The real pocket camera

At the time when I got the camera, all the lenses I had, were Canon EF mount so I had no way to attach them directly. I ordered some cheap adapter, but it was not ideal:

  • the crop factor made all my lenses much longer and left me with no real wide angle lens
  • the camera with the adapter and a big Canon EF mount lens was no longer “pocket”

So I decided to purchase one native m4/3 lens. I didn’t want to invest in some expensive fast zoom lens because ultimately I had the plan to use my Canon glass. Rather, I wanted to have something compact for the minimal setup with the camera.

The lens I eventually got was Lumix 20mm f/1.7 – really small pancake lens with f/1.7 aperture.

I still use this setup in some cases when I want to be discrete and keep the camera in my pocket. The setup is really lightweight, the focal length is pretty universal (around 60mm on FF format equivalent) and the aperture makes it usable in nonperfect light conditions.

The biggest downside of the described configuration though is the battery life.


The BMPCC uses Nikon’s EN-EL20 battery model – cheap and small but also lasting for a very short period of time. Ideally, it will work for 40-45 minutes of continuous shooting, but in many situations the camera dies after around 30 minutes or even earlier (especially with cheaper non-original replacements).

The good thing is that the camera is equipped with 12V DC input port, which means that we can plug in an external source of power. I was looking at various solutions and keeping in mind the form factor and the overall size of the package I decided to go for Anker Astro Pro2 20000mAh. It’s cheap, relatively small and can provide the juice for the camera almost forever.

To connect the camera to the battery, we need the adapter cable or jack adapter.

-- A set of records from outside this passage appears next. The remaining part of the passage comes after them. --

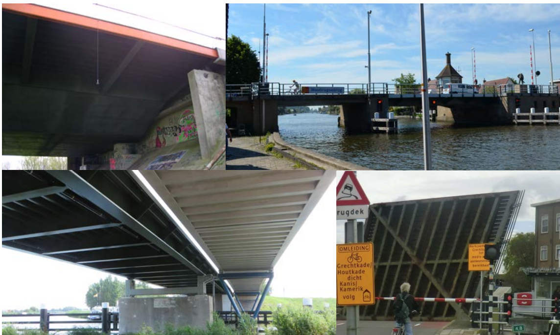
Voorbeelden van stalen bruggen in verschillende afmetingen en verschijningsvormen waarvan de geluidemissie werd onderzocht

Er is dan ook geen generieke oplossing voor het aanpakken van geluidhinder van stalen bruggen. Voor iedere brug moeten maatwerkoplossingen worden gezocht.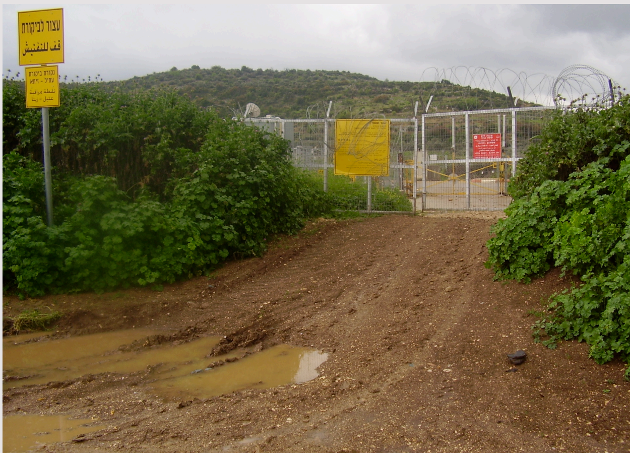
Sahel gate, for access to agricultural land in the Seam Zone. OCHA, 2007

http://www.ochaopt.org/documents/ICJ3_Special_Focus_July2007.pdf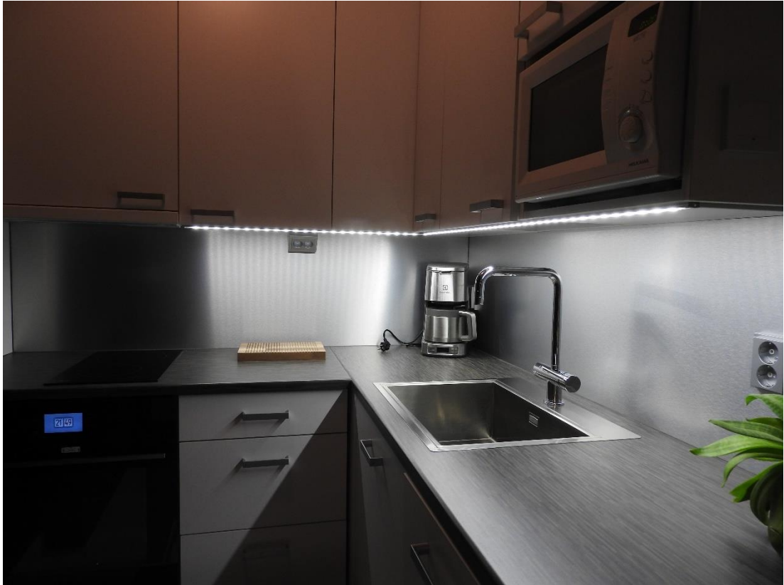
Kuva 9. Valmis keittiö.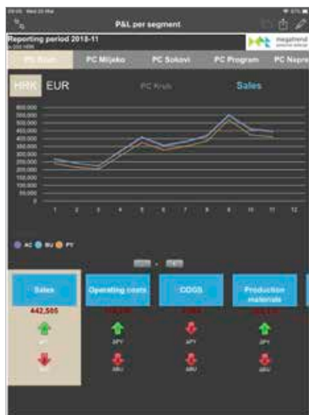
Izračun dobiti i gubitka prema pojedinim profitnim centrima, uz usporedbu s planskim vrijednostima za ovu godinu i rezultatima iz prošle godine za isto obračunsko razdoblje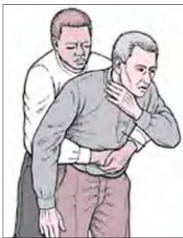
Heimlichov manéver

Ak kašeľ nepomôže s odstránením cudzieho telesa z dýchacích ciest, čo býva v prípade, že ide o úplne dusenie, možno použiť tzv. Gordonov úder, prípadne následne Heimlichov manéver, pri-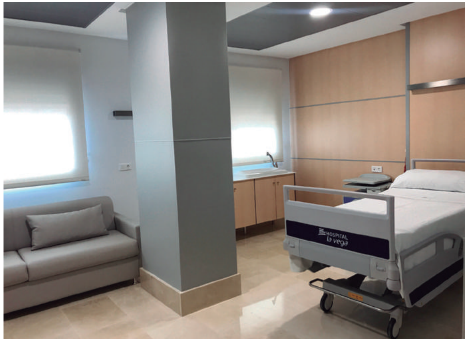
Las 17 habitaciones son exteriores, están conectadas con el servicio de enfermería y cuentan con un mueble cambiador con bañera.

El Hospital HLA La Vega (Murcia) continúa la ampliación y renovación integral de sus instalaciones. La última zona que ha abierto ha sido la planta materno infantil, ubicada en la sexta planta del complejo hospitalario y que cuenta con 17 nuevas habitaciones individuales, dos de ellas suites con sala privada para familiares, y una amplia zona de UCI Neonatal. Todas las habitaciones disponen de un sistema de comunicación permanente con enfermería para asegurar la atención de la madre y el recién nacido en el menor tiempo posible, cuentan con un amplio sofá para acompañantes y mueble cambiador con bañera, para que el recién nacido no tenga que abandonar la habitación. La nueva unidad cuenta además con una amplia zona de cuidados intensivos neonatales, garantizando la atención temprana ante cualquier complicación y la más avanzada tecnología para el cuidado del bebé. Asimismo, la nueva planta materno infantil cuenta con un equipo de ginecología y pediatría con presencia física las 24 horas del día.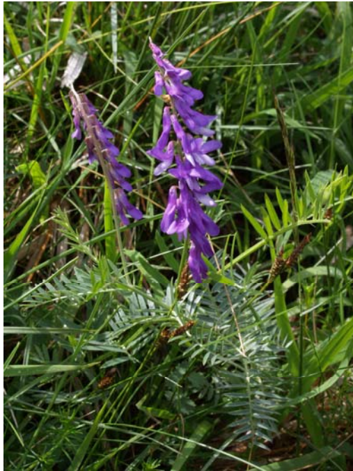
Feinblättrige Wicke ( Vicia tenuifolia )

vulgaris ), Hufeisenklee ( Hippocrepis comosa ), Berg-Klee ( Trifolium montanum ), Zittergras ( Briza media ), Färber-Ginster ( Genista tinctoria ), Wiesenknopf ( Sanguisorba minor ), Primeln ( Primula veris ), Mittlerem Wegerich ( Plantago media ), Flügelginster ( Chamaespartium sagittale ), und Knolligem Hahnenfuß ( Ranunculus bulbosus ). Den Wiesen-Bocksbart ( Tragopogon pratensis ) sollte man nicht allzu spät suchen – er blüht nur vormittags.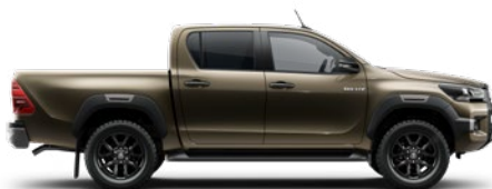
6X1 Oxide Bronze lakier metalizowany 3 200 PLN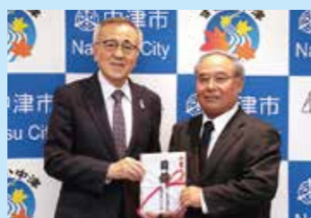
◀昭和43年度中津中学校卒業生同窓会より市政振興のために52,000円を寄付 (12/21)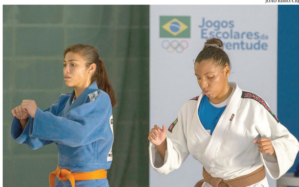
Jogos aconteceriam no mês de dezembro, no estado de Sergipe

chamada de Jogos Olímpicos da Juventude. Grandes nomes do esporte brasileiro passaram pelos antigos Jogos Escolares da Juventude, como a campeã olímpica Sarah Menezes e a campeã mundial Mayra Aguiar, ambas do judô, Hugo Calderano (tênis de mesa), Raulzinho (basquete), Ana Claudia Lemos (atletismo), Etienne Medeiros e Leonardo de Deus (natação).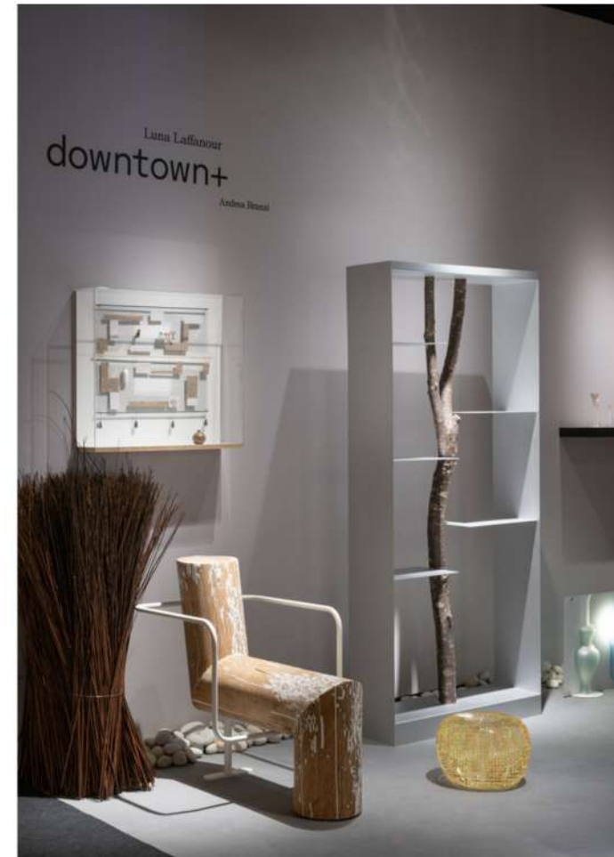
PAD Paris 2025 Foire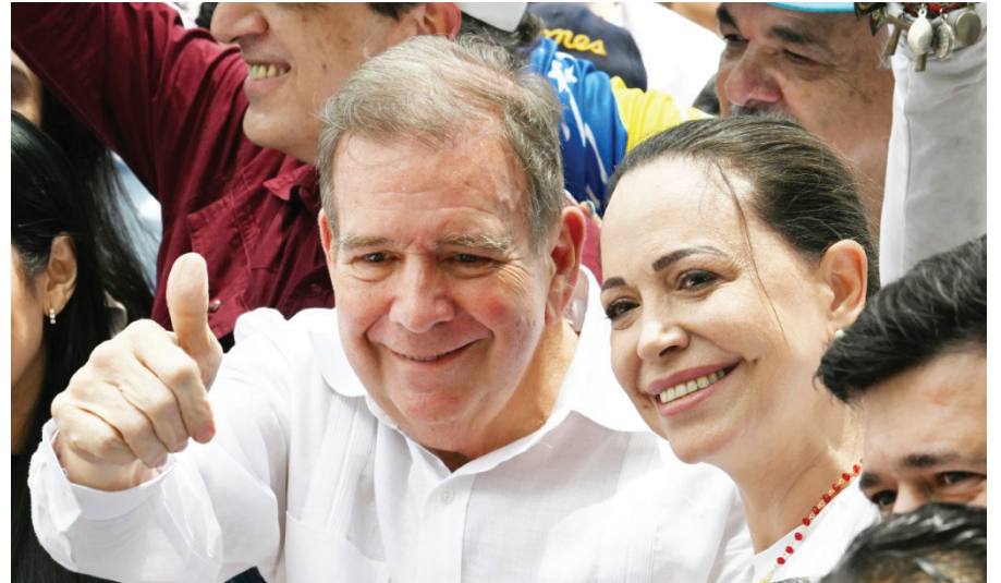
Edmundo González Urrutia es el candidato presidencial en Venezuela por la Plataforma Unitaria, que agrupa a la oposición contra Nicolás Maduro. Aquí con la líder María Colina Machado, inhabilitada para ser candidata y el alma de la campaña opositora.

“Aquí el único que garantiza la paz se llama Nicolás Maduro”, dijo el propio mandatario de 61 años, con una popularidad que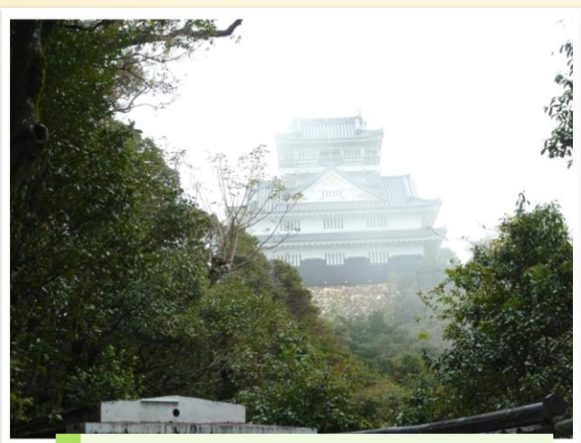
霧がかかっていた岐阜城 ですが...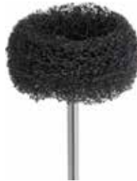
ミディアム 251-25HP D2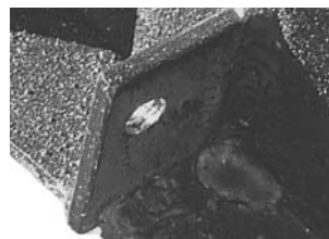
Particolare aggancio pistone inferiore (per estremità B pistone)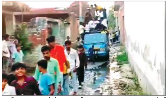
गंदगी एवं जल भराव में होकर गुजरती बारात। -जागरण मोर्चा

हसनपुर। हसनपुर विधानसभा क्षेत्र के एक गांव में हो रही गंदगी एवं जल भराव के बीच होकर बारात गुजरने का वीडियो सोशल मीडिया पर वायरल हो रहा है, जो क्षेत्र में चर्चा का विषय बना हुआ है। वही वीडियो वायरल होने से जन प्रतिनिधियों एवं अधिकारियों की पोल खोल नजर आ रही है।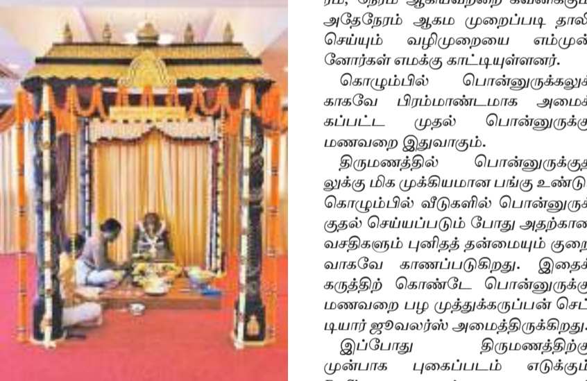
தங்க நகைமாளிகையில் சப நேரத்தில் ஆரம்பித்து வைக்கப்பட்டது. தாலியை செய்யும் போது சரியான நாள், நட்சத்திரம், நேரம் ஆகியவற்றை கவனிக்கும் அதேநேரம் ஆகம் முறைப்படி தாலி செய்யும் வழிமுறையை எம்முன் நோர்கள் எமக்கு காட்டியுள்ளனர்.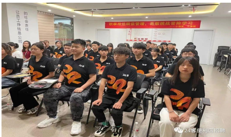
第一届青苗计划开营仪式

24客新苗人才计划，是24客为加强人才培育而制定实施的一项人才发展战略规划，旨在加强产教融合，招募最具学习能力、成长能力的优秀人才，“新苗”们将在1年时间内完成定制化的职业发展与学习路径，充分挖掘自身潜力、提升专业能力和领导力，考核合格从而实现高速职业发展，造就一大批24客快速发展急需的紧缺人才和拔尖管理人才，为24客2025年战略目标的实现提供强大人才支撑！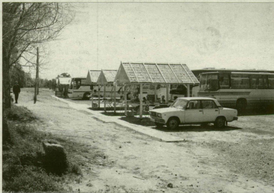
A bérbeadásra szánt földterületet már rendbe tették.

Az Ópusztaszeri Nemzeti Történelmi Emlékparkkal szemben a mintegy ezer négyzetméternyi földszív ideális lehetőséget kínál különböző ajándék-, illetve emléktárgyak árusítására. A kereskedelmi tevékenységet azonban kezdetektől nem nézte jó szemmel a tájvédelmi körzet kezelője, a Kiskunsági Nemzeti Park. A tájba nem illőnek minősítette a pavilonokat. A közigazgatási és jogi procedúrák azonban hosszadalmasak. Az elárusítókhoz tovább működtek, míg tavaly nyár végén a tűz martalékká nem váltak. A megélhetésükért küzdő kereskedők máig nem törődtek bele, hogy véglegesen megtiltsák számukra az árusítást. Mint Makra József, Ópuszt-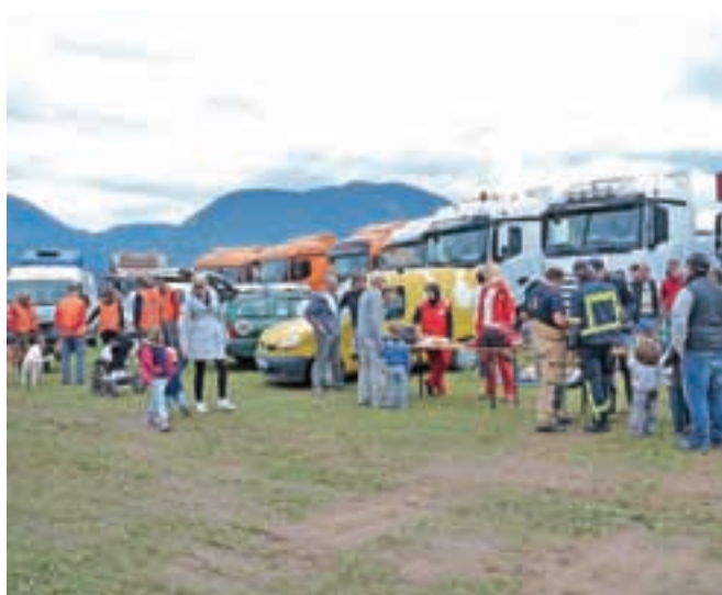
Prireditelj je v Radovljico pritegnila več kot dva tisoč obiskovalcev.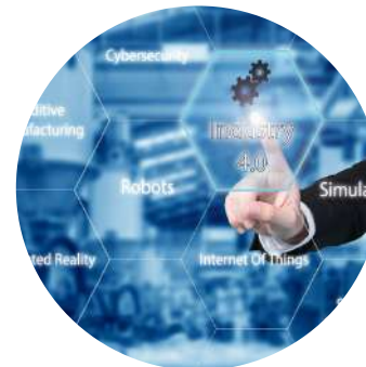
Integración en toda la empresa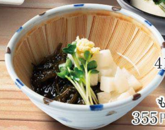
もずく酢 355円 (税込390円)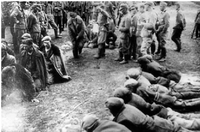
Pacyfikacja wsi Osuchy dokonana przez Niemców 24-25 lipca 1944 r.

Now, we can shoot all day without worrying about the power and without keeping tens of small battery replacements in our pockets. But we have another problem now – where to put Anker? Sure, we can keep it in a pocket and run around with the cable hanging around, but it’s not ideal. This is why I started looking for some sort of a rig.


From the increasing number of BMPCC accessories, I picked Tilta BMPCC Cage. It’s really well built and offers quite many additional features like:

  • port protector,
  • micro HDMI to HDMI adapter,
  • rods,
  • hot-shoe mount.

It also provides easy access to the battery compartment and has a nice detachable top handle.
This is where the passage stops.